Yes. A DFS can carry the current depth along with each recursive call. When the traversal first reaches a depth, create a new bucket for that level. For even depths, append values to the end of that bucket. For odd depths, insert values at the front, usually by making each bucket a deque and converting the deques to lists at the end.
This works because a standard DFS that visits the left child before the right child sees each level in left-to-right order. Appending to the front on odd depths flips only those levels. The time complexity remains O(n), and the returned output is still O(n). The tradeoff is recursion stack space: DFS uses O(h) call stack space, where h is the tree height, and a very deep skewed tree can hit Python’s recursion limit.
Can we avoid using appendleft or reversing a list?
Yes. Since BFS knows the current level size before processing the level, allocate a fixed-size list for that level. For the ith node in the level, write to index i on left-to-right levels and to index level_size - 1 - i on right-to-left levels.
That version is also O(n) time and O(w) auxiliary space. It can be slightly faster in Python because list assignment is cheap and avoids deque-to-list conversion, but it is a little less direct to read. In an interview, either approach is acceptable as long as each node is processed once.
Why do we still enqueue children from left to right on reversed levels?
The queue is responsible for preserving the real structure of the next tree level. If children are enqueued in different orders depending on the output direction, the next level can become scrambled, especially when nodes have uneven child counts.
The safer invariant is: the queue always holds the next level from left to right. The zigzag behavior is applied only when writing values into the current level’s result.
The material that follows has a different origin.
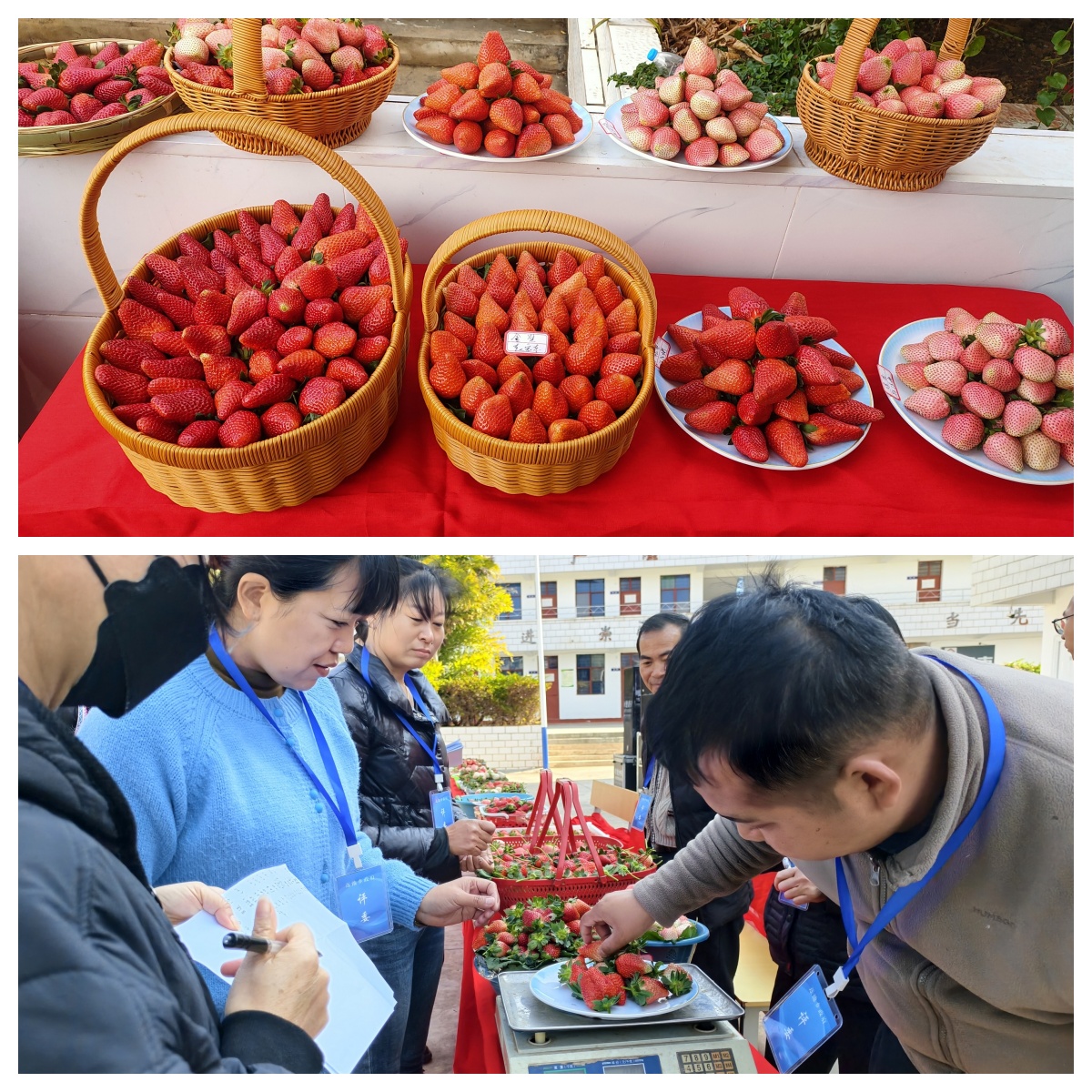 本次活动吸引了来自全乡11个草莓种植户踊跃参与,参赛农户带来了香野、粉玉、黑珍珠、章姬等多个深受消费者喜欢的品种,一篮篮饱满鲜亮的草莓,让现场弥漫着紧张的竞争气氛。评委对参赛草莓进行了硬度、糖度、单果重量、着色面积、果面光洁度、色泽口感等指标检测,经过认真称重、仔细品尝、观果查色后分别计分、汇总,围绕建设主体规模、农产品质量安全规范、绿色生产与产品质量、市场认可与联农带农机制、自身创新能力和带动能力、农残、口感等指标,最终从参赛样品中评选出金奖1名,银奖2名,铜奖3名。永仁宏鑫草莓种植专业合作社带来的香野凭借超大个头、鲜亮色泽和清甜多汁的口感摘得“金果王”桂冠。

Keeping those responsibilities separate makes the algorithm easier to reason about and avoids subtle ordering bugs.
What changes if the traversal must start right-to-left?
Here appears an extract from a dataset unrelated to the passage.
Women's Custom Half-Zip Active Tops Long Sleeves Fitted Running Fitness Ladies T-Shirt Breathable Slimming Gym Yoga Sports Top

Only the initial direction flag changes. In the BFS solution, set read_left_to_right = False before the loop. In a parity-based solution, treat even depths as right-to-left and odd depths as left-to-right.
The rest of the algorithm is identical. This is a useful follow-up because it checks whether the candidate built a general level-direction mechanism instead of hard-coding behavior around the root.
What if the interviewer asks for a streaming version?
If the caller does not need the entire nested list at once, the BFS loop can yield one completed level at a time. The queue and current-level buffer are still required, so the working space remains O(w), but the result no longer has to be stored inside the function.
This is helpful when the tree is large and the consumer can process levels incrementally. It does not reduce the total amount of output, but it can reduce peak memory owned by the traversal function.